The 829th Bombardment Squadron was a squadron of the United States Army Air Forces. It was active during World War II in the Mediterranean Theater of Operations as a Consolidated B-24 Liberator unit, where it earned a Distinguished Unit Citation. Following V-E Day, the squadron returned to the United States and began training with the Boeing B-29 Superfortress at Smoky Hill Army Air Field, Kansas, before inactivating in August 1946.

==History==
The squadron was activated at Fairmont Army Air Field, Nebraska as one of the four that made up the 485th Bombardment Group. It trained with Consolidated B-24 Liberators until March 1944, when it deployed to the Mediterranean Theater of Operations in March 1944. The squadron's ground echelon arrived at its base at Venosa Airfield, Italy in April, but when the air echelon arrived in theater, it remained in Tunisia for additional training.

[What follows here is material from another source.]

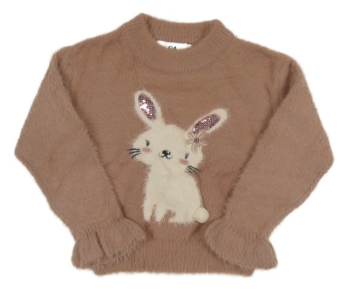Staroružový chlpatý sveter so zajačikom s flitrami a volánikmi C&A

The squadron entered combat in May 1944, and primarily flew long range strategic bombing missions against targets in Italy, France, Germany, Austria, Hungary, Romania, and Yugoslavia, bombing marshalling yards, oil refineries, airfields, heavy industry, and other strategic objectives. The squadron was awarded a Distinguished Unit Citation for continuing an attack on an oil refinery near Vienna, Austria on 26 June 1944 despite heavy fighter opposition.

The 829th was occasionally diverted from the strategic campaign to carry out some support and interdiction operations. It struck bridges, harbors, and troop concentrations in August 1944 to aid with Operation Dragoon, the invasion of Southern France. It also hit communications lines and other targets during March and April 1945 to support the advance of the British Eighth Army in northern Italy.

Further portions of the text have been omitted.